Tires that are equipped to drive in all types of weather are often labeled with a picture like this one.

It may be 60 degrees and sunny now, but it won't be long before the heartland is covered in snow. Which means, like it or not, it may be time to think about snow, ice and how you'll get around in it.

Some drivers buy a specific set of tires for the winter months, but is it with the investment? And with many cars equipped with all-season tires, do manufacturers still make them?

"The general consensus is yes, they're a good investment," said Brian Starnes of Fesler Auto Mall in Fairfield. "They significantly reduce breaking times and the ability for a car to stay on path in snow and winter conditions. We don't see as many snow tires any more now that most of our manufacturers know from the fact that they come with an all-season tire, which is a nice mix between summer and winter tread. We still do have a decent amount of people that come in and keep an extra set of tires just for winter months, from November to February tends to be our worst driving conditions here in Iowa."

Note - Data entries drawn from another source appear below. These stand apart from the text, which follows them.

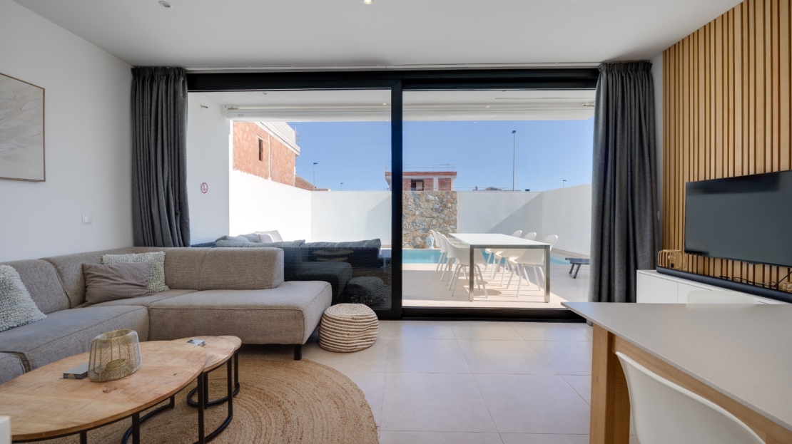 Bienvenido a esta fresca y moderna casa en Santiago de la Ribera, a sólo 1000 metros del mar y cerca de todos los servicios. Con una superficie total de 158 m², piscina privada y una soleada orientación sur, aquí lo tiene todo para disfrutar al máximo de la vida al aire libre. Luz, tranquilidad y confort se unen aquí. Ideal como segunda residencia, lugar de vacaciones o un buen hogar bajo el sol de España.INTERIOR:- 3 dormitorios y 2 baños- Cocina abierta totalmente equipada- Aire acondicionado- Doble acristalamiento- Recientemente pintado (interior y exterior, 2023)- Listo para entrar a vivir. En excelente estado EXTERIOR:- Dos amplias terrazas: en la planta baja y en la primera planta- Piscina privada: refrésquese o tome el sol en casa.- Orientación sur. Máxima luz solar, ideal para vivir al aire libre- Trastero adicional detrás de la casa- Amplio aparcamiento en las inmediacionesINFORMACIÓN ADICIONAL:- Año de construcción: 2016- Impuestos municipales (IBI): aprox. 540 €/año- Tasa de basura: aprox. 50 €/año- Posibilidad de solicitar licencia de alquiler (aprox. 140 €/noche en temporada baja y aprox. 180 €/noche en temporada alta)ENTORNOSantiago de la Ribera está situado en el Mar Menor, una hermosa laguna de aguas poco profundas y cálidas, ideal para familias y amantes de los deportes acuáticos. El paseo marítimo de palmeras invita a relajados paseos a lo largo de la playa, mientras que las playas de suave arena son perfectas para los amantes del sol y del mar.Este encantador pueblo costero combina el ambiente de una comunidad pesquera tradicional con las comodidades modernas. En los alrededores encontrará acogedores bares de tapas, marisquerías y tiendas locales. El mercado semanal de los miércoles se encuentra a poca distancia y ofrece una amplia selección de productos locales frescos.- A sólo 1 km de la playa- A menos de 1 km del mercado de los miércoles- A 2 km del centro comercial Dos Mares- A 2,5 km de los baños de lodo de Lo Pagán- A 3,5 km de las salinas y flamencos de las Salinas de San Pedro- A 20 minutos en coche de La Zenia Boulevard (popular centro comercial al aire libre)- A 30 minutos del aeropuerto de Murcia-Corvera, a 1 hora de AlicanteListo para entrar a vivir. ¡Disfrute inmediatamente de la vida española junto al mar! ref:HS_8
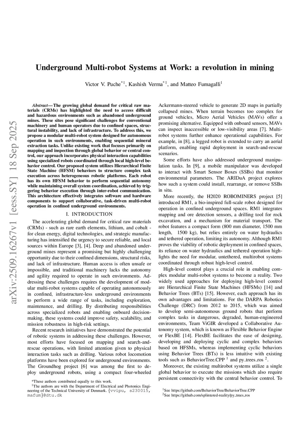 The growing global demand for critical raw materials (CRMs) has highlighted the need to access difficult and hazardous environments such as abandoned underground mines. These sites pose significant challenges for conventional machinery and human operators due to confined spaces, structural instability, and lack of infrastructure. To address this, we propose a modular multi-robot system designed for autonomous operation in such environments, enabling sequential mineral extraction tasks. Unlike existing work that focuses primarily on mapping and inspection through global behavior or central control, our approach incorporates physical interaction capabilities using specialized robots coordinated through local high-level behavior control. Our proposed system utilizes Hierarchical Finite State Machine (HFSM) behaviors to structure complex task execution across heterogeneous robotic platforms. Each robot has its own HFSM behavior to perform sequential autonomy while maintaining overall system coordination, achieved by triggering behavior execution through inter-robot communication. This architecture effectively integrates software and hardware components to support collaborative, task-driven multi-robot operation in confined underground environments.
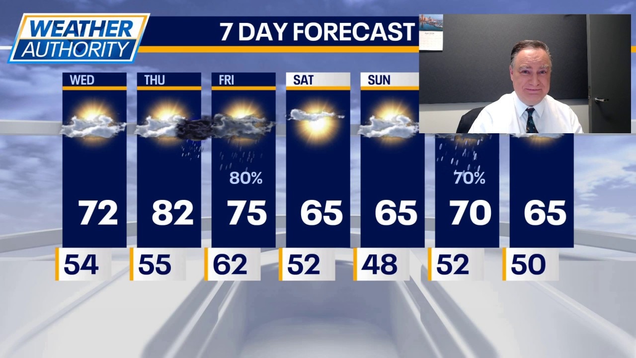 The next chance of rain arrives by Monday morning with highs in the upper 60s. That will be tied to a cold front impacting high temperatures on Tuesday, which will only be in the low 60s.
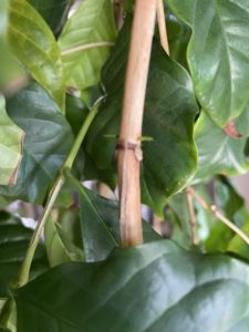 10月21日、今季一番の冷え込みを観測した昨日に続き、今日も最低気温は7℃台まで下がりました。ここから日中の最高気温は20℃を超え、激しい寒暖差に体調管理も大変です。これからの季節、気温の低下と共にコーヒーが美味しい季節を迎え、コーヒー屋は繁忙期に入ります。さて毎日欠かさず観察しているコーヒーの子供たちですが、今日はその中の1本に面白い発見がありました。地表からの高さ38cm、幹の途中に若葉色の一対のヒゲ(長さ5mm)を見つけました。幹の節目の直ぐ上なので、位置的に側枝の芽と思われますが、ここから葉が出るのか、それとも枝が伸びるのか楽しみです。
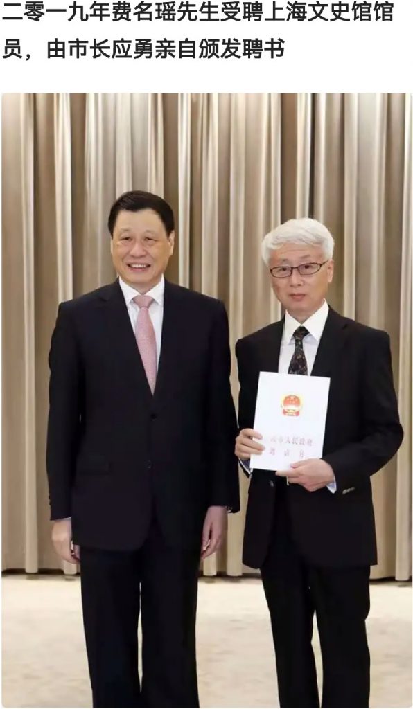 由于费名瑶所取得的成就, 2019年被上海市政府聘为上海文史馆馆员,并由市长应勇先生亲自为费名瑶先生颁发聘书。
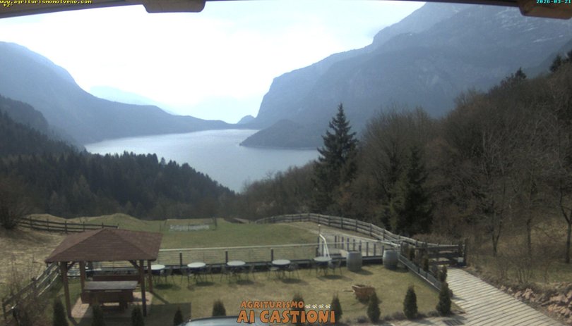 The webcam is installed at the Ai Castioni farmhouse in Molveno / Malfein and offers a panoramic view of Lake Molveno / Molvenosee in the Brenta Dolomites. In the foreground the beautiful garden of the farmhouse, in the background the Lake of Molveno known as "the most beautiful in Italy". Check out this webcam to find out the weather conditions in this area of Trentino, between the Brenta Dolomites and Paganella.
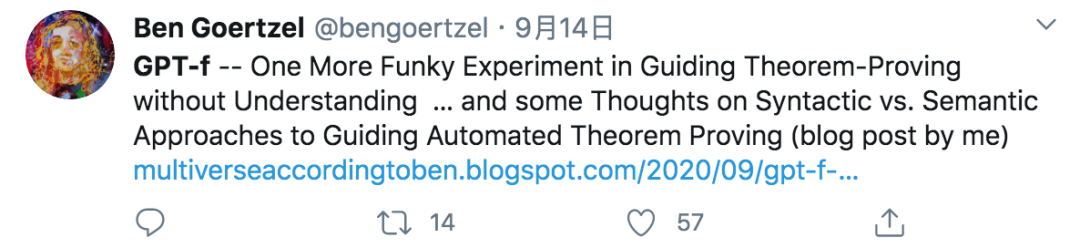 美国通用人工智能会议主席、奇点大学顾问、人工智能软件公司 Novamente LLC 公司董事长 Ben Goertzel 也在推特发表了自己的看法,他认为,GPT-f 又是一个在不理解的情况下指导定理证明的古怪实验……
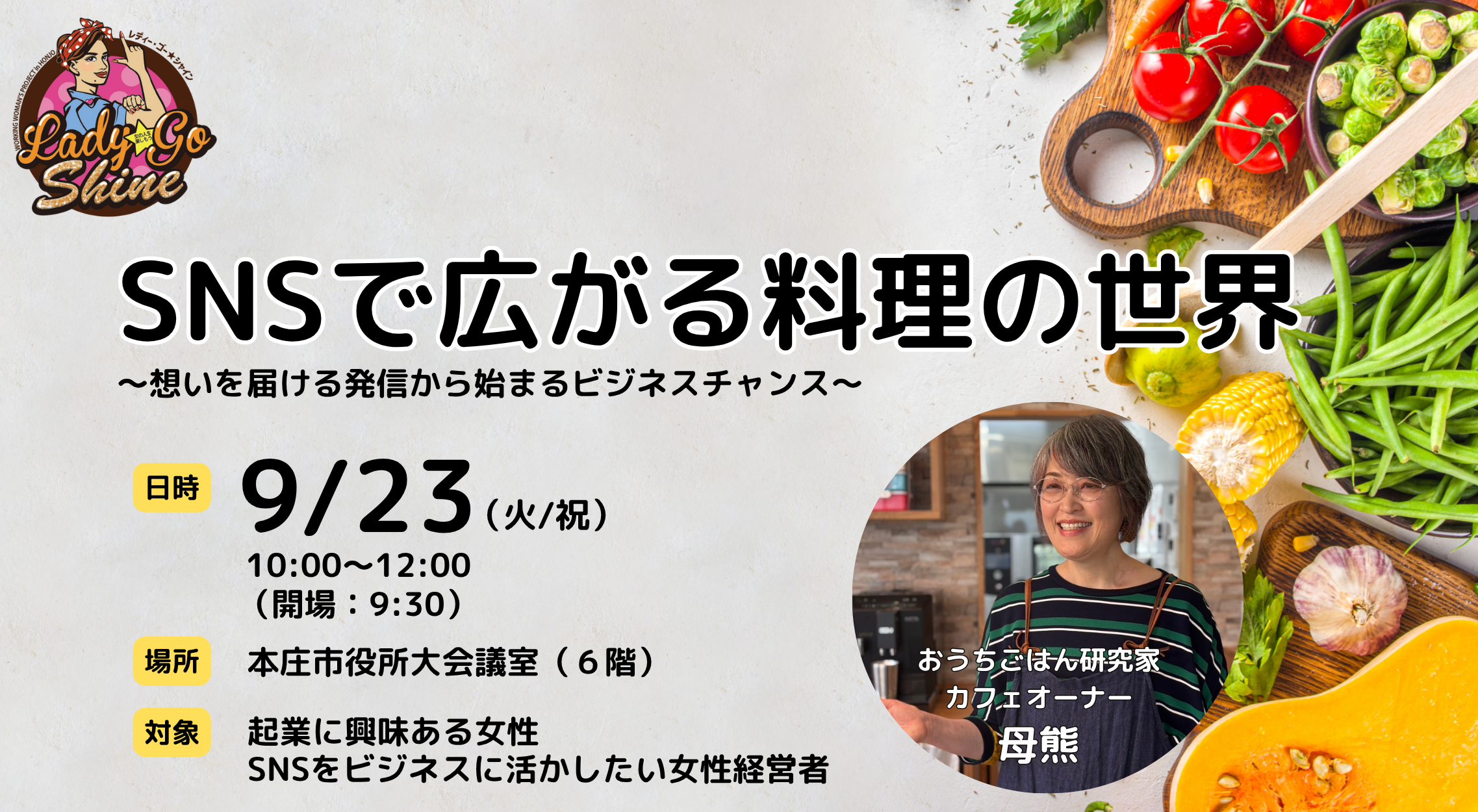 SNSをビジネスに活用して集客やファン化に繋げたいですよね。でも、多くの人は思ったように上手くいかずに挫折してしまうもの。「SNSをビジネスに活かす方法を教えて欲しい」という多くの声を受けて実現した今回のセミナー。講師はなんと、おうちごはん研究家であり、インスタグラマーでもある「母熊」さん。家庭料理から始まり、インスタグラムでは最高12.8万フォロワーを獲得、SNSをきっかけに本を出版、さらにカフェ開業まで活動の幅を広げてきた現役バリバリの母熊さんから、実体験に基づくSNS活用法を教えてもらいましょう!
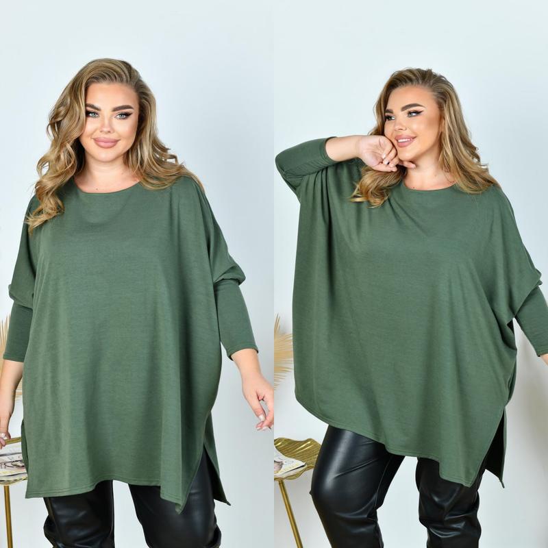 Код 3670 Ціна 740 грн. Тканина: двонитка. Колір: марсала, хакі, чорний, фіолетовий, яскраво-синій. Розміри: 52-58, 60-66. Довжина тунікі: 81, 82 см. Довжина рукава от горл.: 71, 74 см. Обхват рукава: 50, 55 см. Заміри готового виробу: 52-58 ОГ 184 ОТ 182 ОС 176 60-66 ОГ 210 ОТ 204 ОС 200 На моделі показано цей розмір 52-58❗️ Зріст моделі 170 см. Oб’єми моделі ОГ 108 ОТ 85 ОС 115 см. Неймовірно гарна туніка в стилі оверсайз із трикотажу двонитки ( розтяжність середня). Обʼємна туніка з круглим вирізом горловини. Низ оброблено боковими розрізами. Рукав оригінальної форми, від ліктя завужується. Кишень, застібок немає.
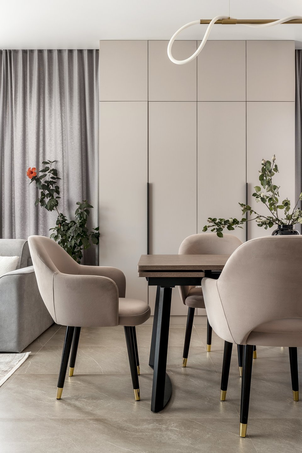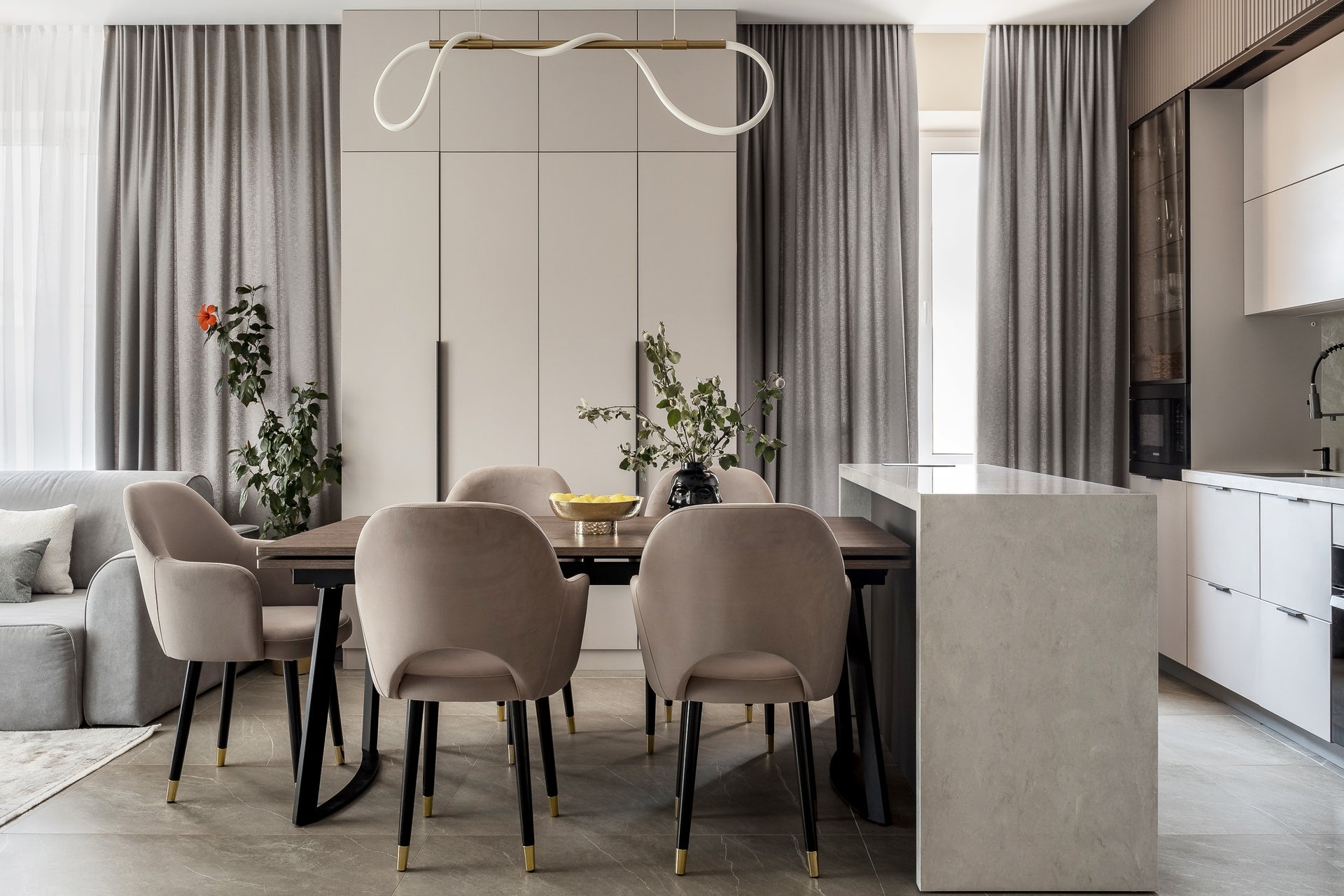 Комната площадью 42 кв.м разделена на две зоны: кухню с островом и обеденным столом, а также гостиную для отдыха и приема гостей. По правую руку от гарнитура находится вход в кладовку-постирочную — благодаря использованию скрытых дверей он «растворяется» в пространстве.
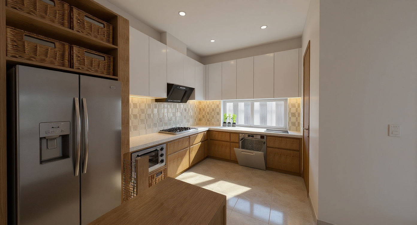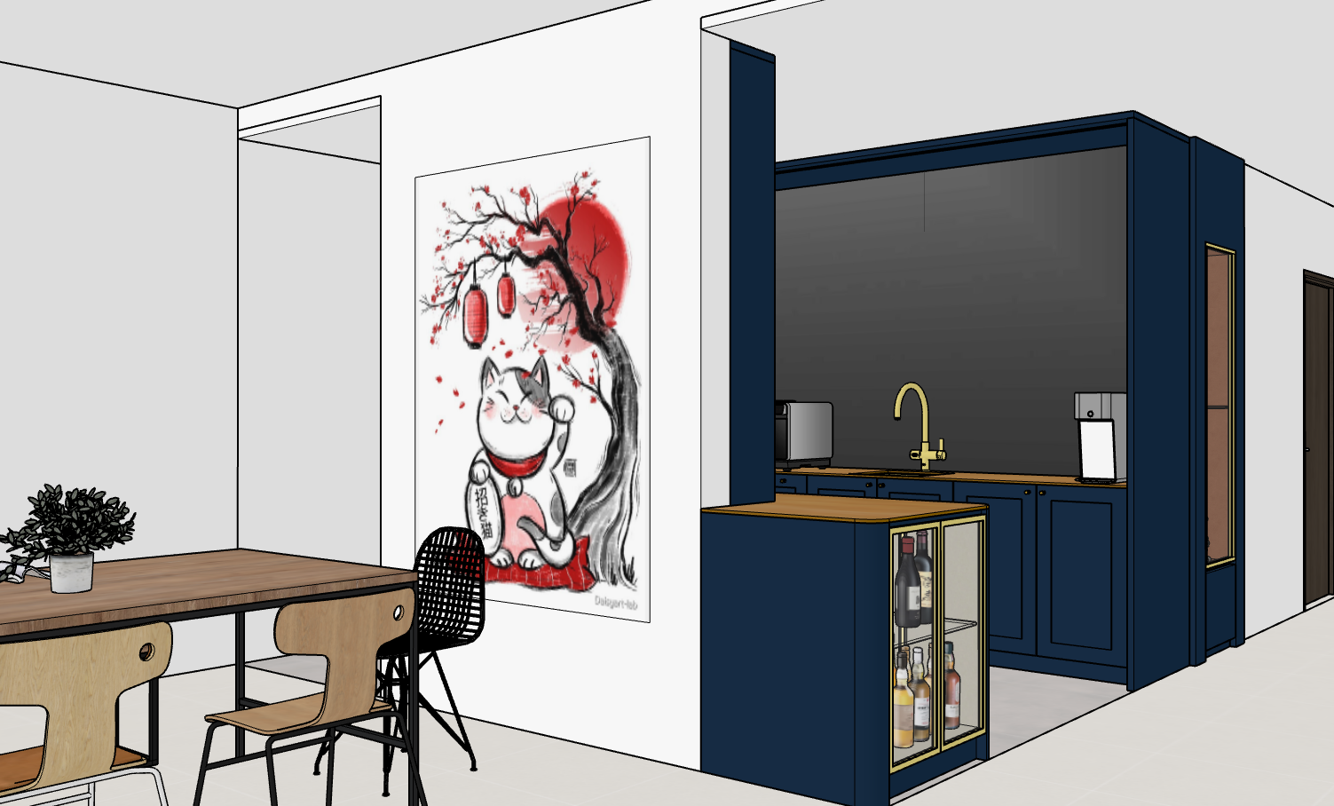 spotlights on ceiling black mirror behind faucet led strip light beige homogeneous floor tiles outside kitchen grey floor tiles inside kitchen
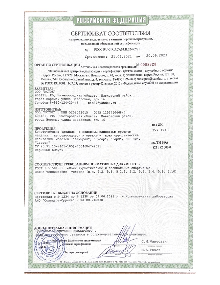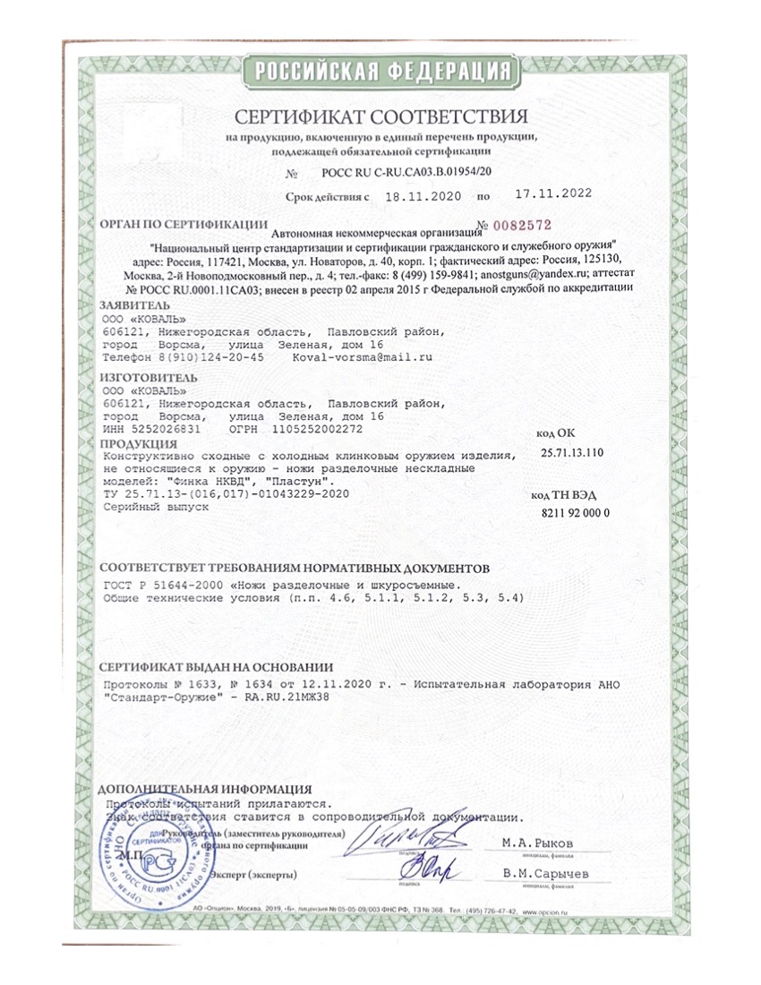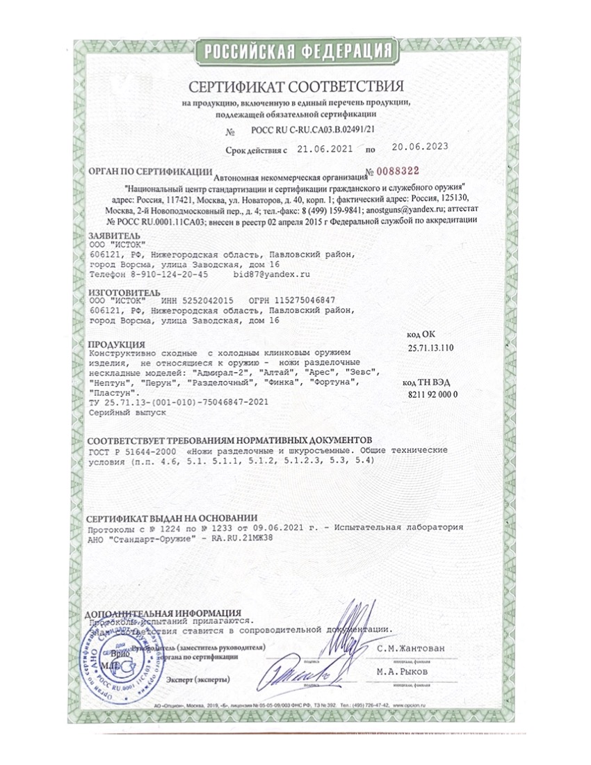 Все ножи, представленные на нашем сайте – это хозяйственные и разделочные ножи. Каждый нож имеет сертификат по ГОСТ Р 51644-2000 «Ножи разделочные и шкуросъемные» или ГОСТ Р 51501-99 «Ножи туристические и специальные спортивные».
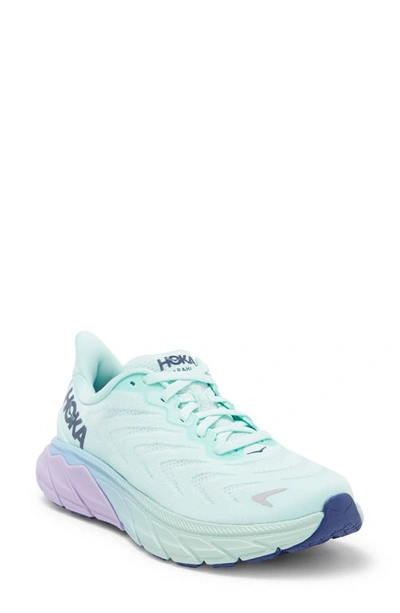 HOKA's Arahi 6 support trainers combine maximum cushioning with a remarkably light weight. Featuring the brand's J-Frame midsole support, and a recycled mesh lining, these versatile running trainers are both responsive and breathable. Best for: Road running Weight: 216g Heel-to-toe-drop: 5mm Features Ride: Moderate Cushioning: Balanced - HOKA Arahi 6 - Sunlit Ocean/Lilac Mist - UK 8

There are no major advantages or disadvantages from brand to brand, but there are different types of snow tires, all the way up to a studded tire that has metal treads for optimum traction. And while it's obvious that a summer tire won't drive as well in the winter, can you drive on a winter tire in the summer months?

"Some people leave a more aggressive tread, a snow tire, on year-round, not necessary, it's not doing you really any good in the summer months," Starnes said. "But our customers that do use snow tires typically put them on about this time of year, this is when we see them get their tires and rims switched around. And then come springtime, when the last of the snow's gone, they take them off and stick them in the corner of the garage and go back to their all-season or their summer tires."

Starnes said Fesler's has seen several tire changes already this season and you can either change them yourself or bring them to a dealership to have it changed for you.

If you're not sure if your tires are winter tires, look for a winter symbol stamped on the tire, like a snowflake, or simply, a branding that says "all season".